Once upon a time, my foot got impaled by a stingray. After hours of Netflix binging and hot-water soaking, the searing pain began to ease. But the next morning, my swollen foot had expanded half a shoe size. By noon, it had busted out of my slip-on loafer.
In a daze, I called the triage nurse at my primary care provider. She prescribed me antibiotics and administered an ominous prognosis: “If this swelling continues, it could cut off circulation to your toes.” I heeded her warning and headed to the hospital.
After hobbling into the ER waiting room, I slumped into a chair and hoped the blaring TV would drown out the hot, itchy tingling in my blown-up foot. Six hours and a $150 copay later, I ambled away with the same prescription I’d gotten from the triage nurse: antibiotics and lots of sleep.
I took the pills and the rest. I recovered my foot strength and returned to surfing. And I lived happily ever after … until the bill came.
For an ER visit, medical intervention is just the beginning. Maybe you paid the copay on arrival, or maybe your condition sent you past the front desk. One way or another, that hefty hospital bill will come back to sting you. And the consequences could hurt much worse than a swollen foot.
Emergency Room Vs. Urgent Care Clinic
When you need timely medical attention, and the doctor’s office isn’t an option, you have two choices: ER or urgent care. How will you make the call?
The ER is crucial for treating true health emergencies. A life in immediate danger, a fever that won’t break, an ailment that comes with severe or scary symptoms, an injury that makes it impossible to get to the hospital on your own — these conditions will likely warrant a hospital trip.
When to Go to the ER
- You need an ambulance
- You have a life- or limb-threatening injury or illness
- You need rapid or advanced treatment that is only available at a hospital
- Your have severe pain or a sudden onset of symptoms
- You can’t breathe or use your body as you normally would
- You have multiple injuries
- You lose consciousness or experience a change in mental status
When you know, you know. If your gut tells you to get to a hospital, get to a hospital. But for so many health concerns, the ER is not the ticket. For injuries, illnesses, and health conditions that are not life- or limb-threatening, urgent care may be the better option.
Urgent care clinics evaluate and treat medical concerns that need a quick response but are not true emergencies. Urgent care has advanced diagnostic imaging, like X-rays and labs, to assess your injury onsite and prescribe medications.

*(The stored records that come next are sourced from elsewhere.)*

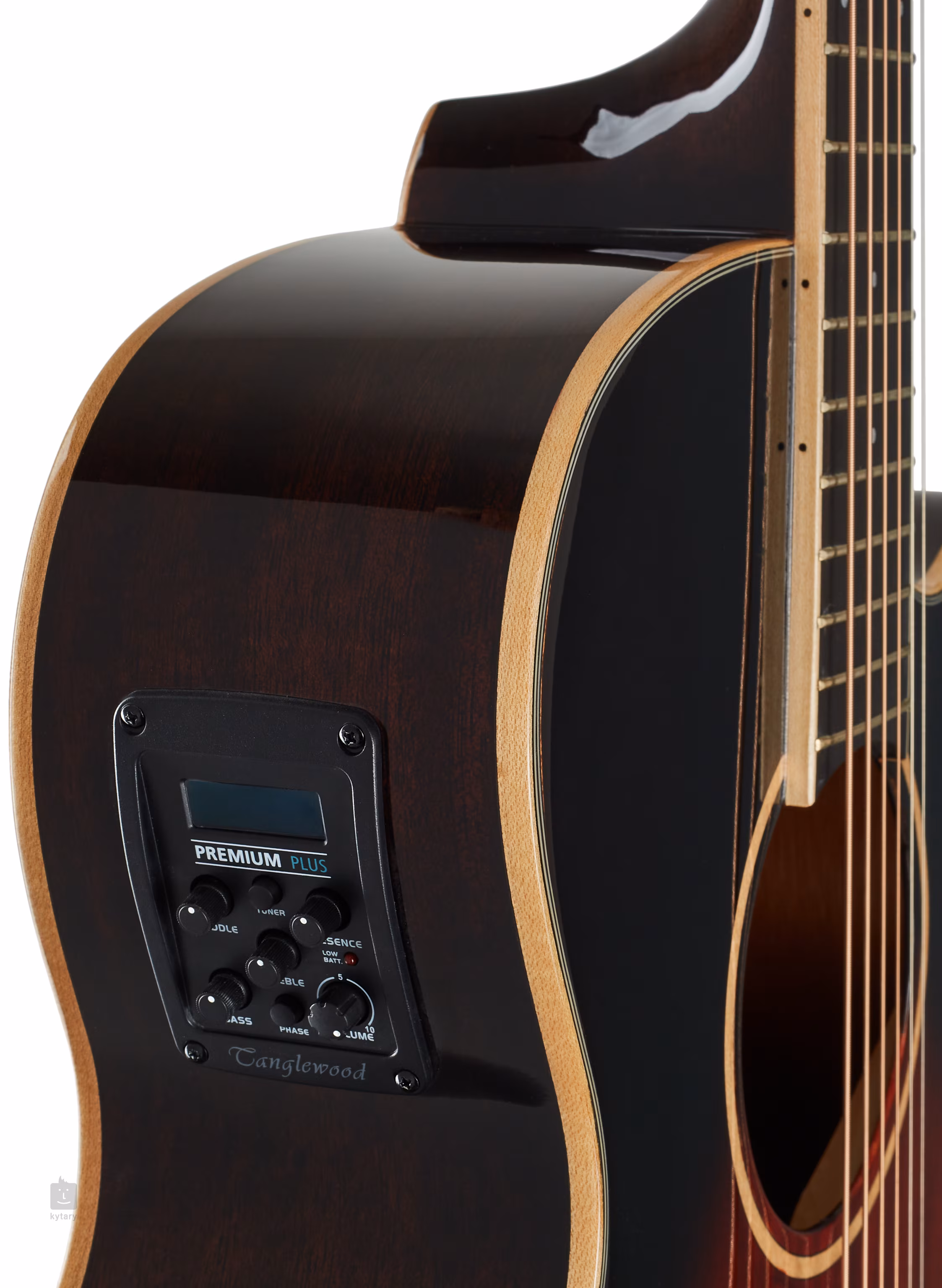Brytyjska marka Tanglewood oferuje niedrogie gitary akustyczne w stylu retro i nowoczesnym. TW4 CE AVB to gitara elektroakustyczna typu „Super Folk”, czyli instrument o węższym i płytszym korpusie niż np. Dreadnought. Korpus gitary jest wykonany z mahoniu – płyta przednia z litego drewna, płyta tylna i boki z mahoniu sklejkowego. Do szyjki z drewna zwanego „eastern mahogany” przyklejono podstrunnicę z nowoczesnego materiału kompozytowego z dwudziestoma progami. Dotyk w wyższych pozycjach gryfu ułatwia praktyczne wycięcie w dolnej części korpusu. Możliwość nagłośnienia zapewnia firmowy przedwzmacniacz TW Premium Plus z czteropasmowym korektorem, funkcją Phase i wbudowanym stroikiem. Struny są zamocowane przez zerowy i siodłowy próg z materiału NuBone w chromowanych mechanizmach die-cast marki Grover i kompozytowym mostku. Ładne wykończenie podkreśla klonowa obręcz korpusu i rozeta, środkowy pasek na tylnej płycie, perłowe kropki pozycyjne (MoP) i wykończenie przedniej płyty Autumn Vintage Gloss.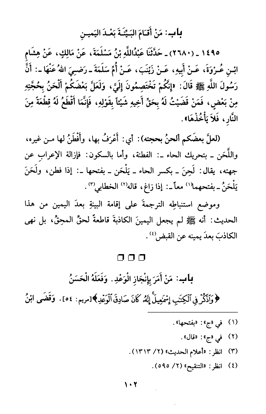 1495 - (2680) - حَدَّثَنَا عَبْدُ اللهِ بْنُ مَسْلَمَةَ، عَنْ مَالِكٍ، عَنْ هِشَامِ ابْنِ عُرْوَةَ، عَنْ أَبِيهِ، عَنْ زَينَبَ، عَنْ أُمِّ سَلَمَةَ -رَضِيَ اللهُ عَنْهَا-: أَنَّ رَسُولَ اللهِ - صلى الله عليه وسلم - قَالَ: "إِنَّكُمْ تَخْتَصِمُونَ إِلَيَّ، وَلَعَلَّ بَعْضَكُمْ أَلْحَنُ بِحُجَّتِهِ مِنْ بَعْضٍ، فَمَنْ قَضَيْتُ لَهُ بِحَقِّ أَخِيهِ شَيْئاً بِقَوْلِهِ، فَإِنَّمَا أَقْطَعُ لَهُ قِطْعَةً مِنَ النَّارِ، فَلَا يَأْخُذْهَا".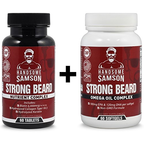 Beard Grower Vitamins & Omega-3 Beard Growth Product to Grow Thicker Beard Faster | A best facial hair grower, beard vitamin - for Beard Starter,...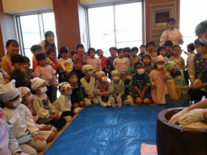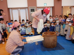 だんだんとお米からおもちに変身していくと「うわ~」と歓声が!小さい組さんも応援してくれ、完成!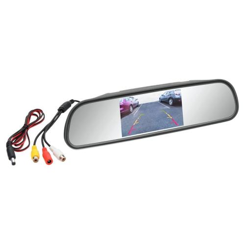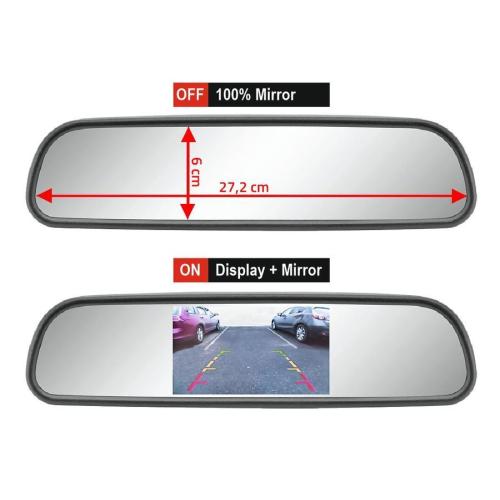 - Přídavné zrcátko se zabudovaným LCD displejem, ideální pro použití s parkovací kamerou i k přehrávání NTSC/PAL videí z jakéhokoliv přehrávače s výstupním Cinch (RCA) kabelem. Pomocí zabudovaných klipů (50-75 mm) je snadné toto zrcátko jednoduše nasadit na většinu běžných zpětných zrcátek v automobilu. Rozměry zrcátka s displejem 272 mm x 60 mm. Samotný displej s úhlopříčkou 4,3" má rozměry 94 x 53 mm. Díky jedinečné technologii není ve vypnutém stavu displej vůbec viditelný a celá plocha zrcátka je tak využitelná jako standartní zpětné zrcátko. Díky inteligentnímu software zařízení, je po zjištění signálu ve video vstupu automaticky aktivován obraz videa. Přednostní vstup AV2 je určen pro parkovací kameru, jejíž obraz bude vždy nadřazený a bude zobrazen vždy, když bude parkovací kamera aktivní. Technická data:
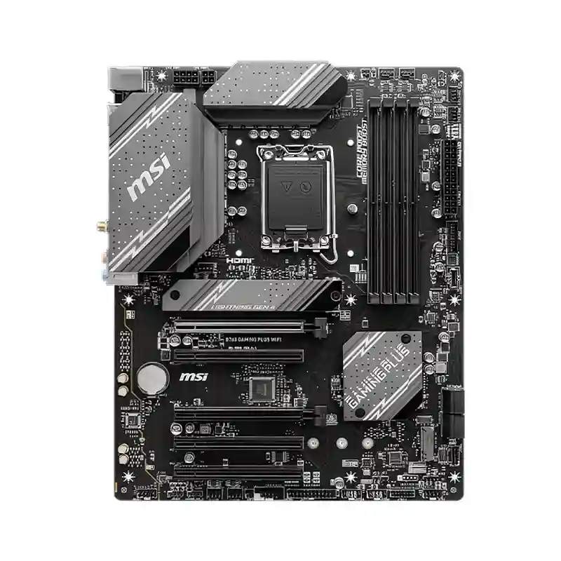 Modelo: B760 GAMINGPLUS WIFI | Marca: MSI | Chipset : Intel B760 | Socket : LGA 1700 | Procesadores compatibles : Intel Core de 14/13/12va generaci?n, Pentium Gold y Celeron | Tipo de memoria: DDR5 Admite hasta 6800(OC) MHz | Ranuras de mem.ram : x4 ranuras (Admite hasta 256 GB)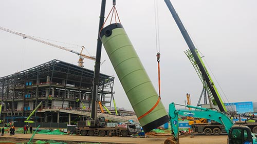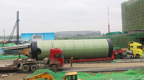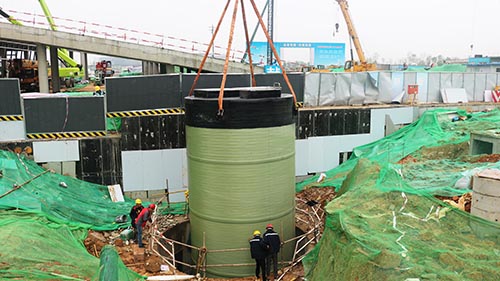 我司大型4.2*17米一體化預制泵站安裝現場(chǎng)應用于市政工程環(huán)保建設!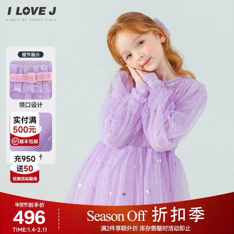 ILOVEJ女童重工爱心网纱连衣裙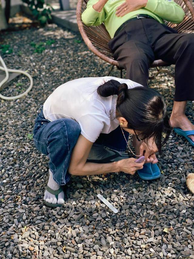 最戳人的画面,是她蹲在地上,低着头小心翼翼地给父母剪脚指甲,没有偶像包袱蹲在了地上,眼睛都快贴到父母的脚面了,一想到她顶着老花眼还这么贴心,不仅觉得有些好笑也有些感动。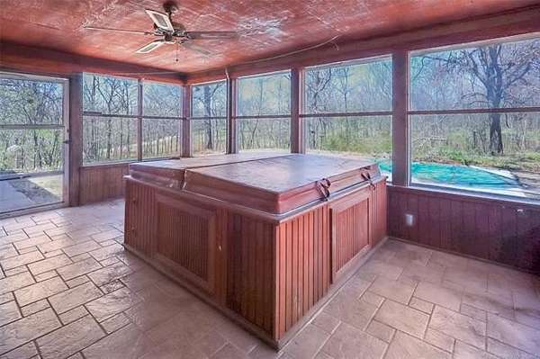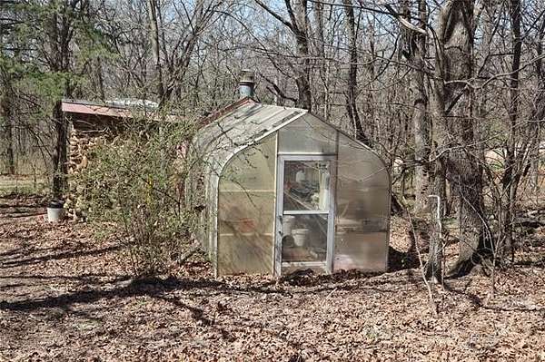 Property includes a ranch-style house, an inground pool, a glass-enclosed patio with a 6-person Cal Spa jacuzzi hot tub, Greenhouse with Potting Shed and wood stove, 14.5 x 14.5 shed, 12 x20 shed, 15 x 38 shed, 40 x 60 barn with storage & divided down the middle, Fenced and cross fenced, asphalted driveway, roof replaced in 2021, New heat exchange pump/central air 2009, ceramic tile floors throughout the house in 2000, chimney repairs and fireplace insert in 2010, septic pumped in 2025, Electrical circuits upgraded in 2000, deadbolts on all exterior doors, Pass-through cabinet for logs in living room, electric garage door openers, beautiful wooded land, easy access to Route 66 (2 miles) south 69 5miles, Big Cabin entrance/exit 283 to Interstate I-44.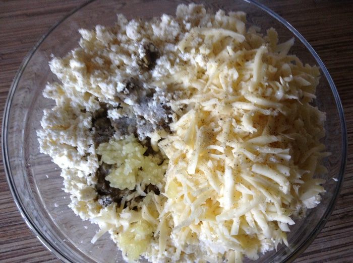 Сто грамм твердого сыра натереть на крупной терке, адыгейский сыр размять добавить к баклажанам, посолить, поперчить, добавить пропущенный через пресс чеснок.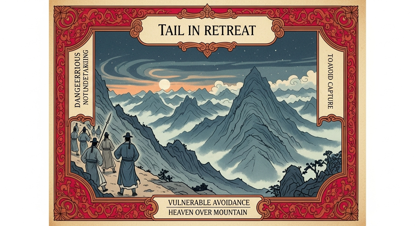 This line warns of peril at the rear of retreat, advising against any action to avoid worsening danger. Matching part in the tale: "At the tail end of the retreat, danger lurked as stragglers were pursued; one must not undertake rash actions to avoid capture." This symbolizes avoiding engagement when vulnerable.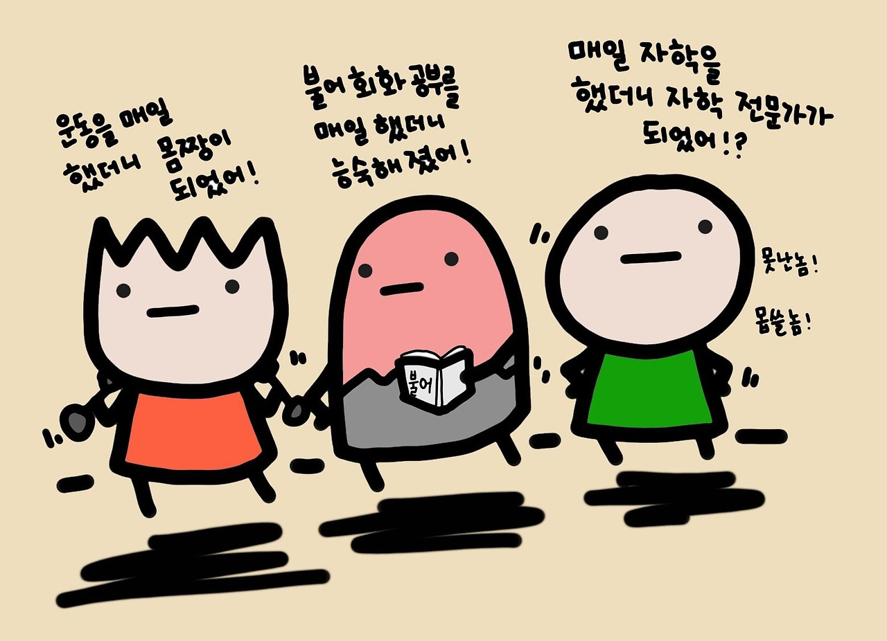 우리는 왜 부정적인 생각에 익숙해진 것일까? 어쩌면 불안감을 기초로 한 우리의 교육 방식의 문제점이 아닌가 생각한다. “잘 될 거야” 우리는 행복해지기 위한 삶보다는 “너 이거 안 하면 망한다” 도태되지 않기 위한, 낙오자가 되는 것을 피하기 위한 삶을 살게 가르친다. 이러한 시선의 차이, 그리고 지속적인 생각의 주입은 전진보다는 후퇴를 피하기 위한 마음가짐, 불안을 탈피하기 위한 생활에 기초를 두게 된 것 같다.

If the urgent care provider thinks you need more intensive care, like an MRI or surgery, they’ll send you to the ER.
Maybe you sliced your thumb on a tomato can (been there). Maybe you woke up at midnight with a fever or vomiting (also been there). Maybe you sprained your ankle at a Sunday soccer scrimmage (you guessed it — been there).
Maybe you’re experiencing dehydration, diarrhea, minor headaches or asthma, or pain with urination. You may need a few stitches or a quick prescription, but you are not in immediate danger.
When to Go to Urgent Care
- Your regular doctor is not available
- You can’t wait for an appointment with your primary care provider
- You need after-hours care for minor illness or injury
While urgent care is a lot of things, it is not emergency care. If you have chest pain, difficulty breathing, a head or back injury, vaginal bleeding while pregnant, or other threatening conditions, head to an ER. Staff can provide immediate care and interventions that may save your life or limb.
Urgent care is also not a substitute for your primary care doctor. If your child gets an ear infection, or you have repeated UTIs, try calling your doctor for a same-day appointment. They’ll have more insight around you or your child’s medical history, so they’ll know what treatments work best for you and your loved ones.
Where Should You Go When You Need Medical Care?
In comparison to hospitals, urgent care centers have shorter wait times, accept appointments and walk-ins, and are conveniently located in commercial plazas and shopping centers. Most urgent care centers take insurance, and their copays and out-pocket costs are significantly less. (ERs are notorious for unpredictable, overpriced medical bills.) If your condition is not a true emergency, an urgent care visit is the better choice.
I sat in the ER for hours because my swelling was not a true emergency. My life wasn’t at risk, and my toes weren’t going to fall off. I didn’t top the hospital’s list of emergency priorities.
If I’d known to opt instead for an urgent care clinic, I’d have received the same prescription and treatment — but in much less time, and with a much smaller bill. Now that’s the happy ending I’d have wanted.